Players are introduced to Jumpgate Evolution in PVP-free sectors of space that allow them to learn how the game functions from flight and combat, to manufacturing and lore. In order to do this we have purposely created these neutral starter sectors that eventually lead players to a Tri-Nation operated area of space. Containing five sectors, players will meet the other Nations and a number of new mutual enemies (enemies of all the Nations) that explain further elements as to why they are there and the history of the new space the three great Nations now occupy, or seek to eventually control.

Jumpgate Evolution is split between unregulated and regulated sectors of space. The central meeting point of all three Nations, as well as the starter sectors all fall under unregulated sectors. The reason we've done this is because we don't want the initial playing experience to be ruined by higher level griefers - we feel players should enter the realms of Player vs. Player once they're ready and on equal footing, so that it becomes a true test of skill rather than a gank fest.

Will there be an option to 'hire' NPC escorts for difficult mining missions in unregulated space?

Mike Rowland:

We opted to encourage making friends in-game rather than hiring NPCs, so this kind of role will be something we want real players to fulfil. As a player you can be a professional pilot escort, making a living as miner support, or work with your guild / squad to support each other for commodity runs. This will be one of many player-driven economy roles that pilots will fulfil in Jumpgate Evolution.

What are your current favourite ship classes/playstyles?

Mike Rowland:

We've been doing a lot of ship balancing during our Friends & Family testing and we've recently created a batch of new ships to fulfil intermediary roles between Light Fighters and Heavy Fighters. The Recon Fighters for example have great manoeuvrability, strong weapon loadout and reasonable defences, but I do like my Heavy Gunboat equipped with the mortar that gives a satisfying boom and AOE damage to other ships in the area. It's chunky to fly, but the armour and weapon pay off make me a happy pilot, unfortunately I'm also the most targeted pilot.

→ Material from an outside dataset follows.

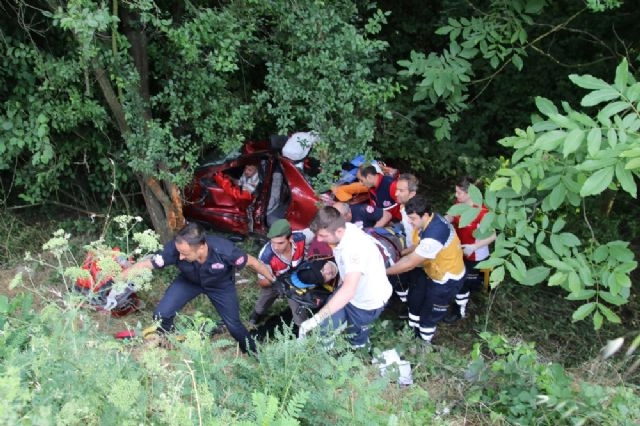 Düzce TEM otoyolu Gölyaka sapağı mevkiinde yoldan çıkan otomobilin ormanlık alana uçması sonucu 2 kişi öldü, 2 kişi yaralandı. Kaza, akşam saatlerinde TEM otoyolu Gölyaka sapağı mevkiinde meydana geldi. Alınan bilgiye göre, İstanbul'dan Ankara istikametine gitmekte olan Bilgin Özbek (58) idaresindeki 45 Z 9160 plakalı otomobil, sürücünün direksiyon hakimiyetini kaybetmesi sonucu yoldan çıkarak ormanlık alana uçtu. Bir ağaca çarpan araçtaki sürücü Bilgin Özbek ile Şengül Özbek (50), Ayfer Altuntepe (48) ve İrem Koca (26) araçta sıkıştı. Olay yerine gelen Düzce Belediyesi itfaiye ekipleri tarafından sıkıştığı yerden çıkarılan Ayfer Altuntepe ve Şengül Özbek'in hayatını kaybettiği belirlenirken, ağır yaralanan Bilgin Özbek ve İrem Koca ise çeşitli hastanelere kaldırıldı. Kaza yapanların Ankara'da bir akrabalarına iftara yetişmeye çalıştıkları öğrenilirken, kazayla ilgili inceleme başlatıldı. (Ali Osman Çatana/İHA)

The official forums are always a hotbed for discussion and speculation. Have there been any particular ideas offered up by the forumites that have actually made it into the game, or have their discussions and arguments proved useful in solving problems the dev teams and alpha testers have encountered so far?

Mike Rowland:

There's been a massive amount of useful and inspirational comments on the forum and some of the ideas do make it in-game or are ideas that are being worked after similar reactions in-game from the dev team. We do get extensive feedback through other forms that prove extremely informative, plus simply watching how players go through the game during our tests shows many problems we would have otherwise missed.

We encourage our community to take part in these community discussions as the input can really help us decipher whether we're going in the correct direction, after all they are the ones who'll be playing the game once it's released.

Hermann's talk of constant item and recipe updates from the NetDevil development team presents a viable solution to the problems facing most MMORPG's come end-game. How will this work regarding casual gamers? Will they constantly have to grind for money to upgrade to keep up with the hardcore players? Will this not ruin the delicate game balance that was the original basis of the IP?

Mike Rowland:

Due to the nature of the game's play style, I would certainly say that players aren't disadvantaged greatly by not having the latest and greatest upgrades, especially with an emphasis on player twitch skill. The key to avoid making a game that relies on grinding is to test, test and test, working on getting that balance right and the in-game markets reasonable. The economy itself is a key aspect we will be working on until launch and then post-launch via our regular content updates.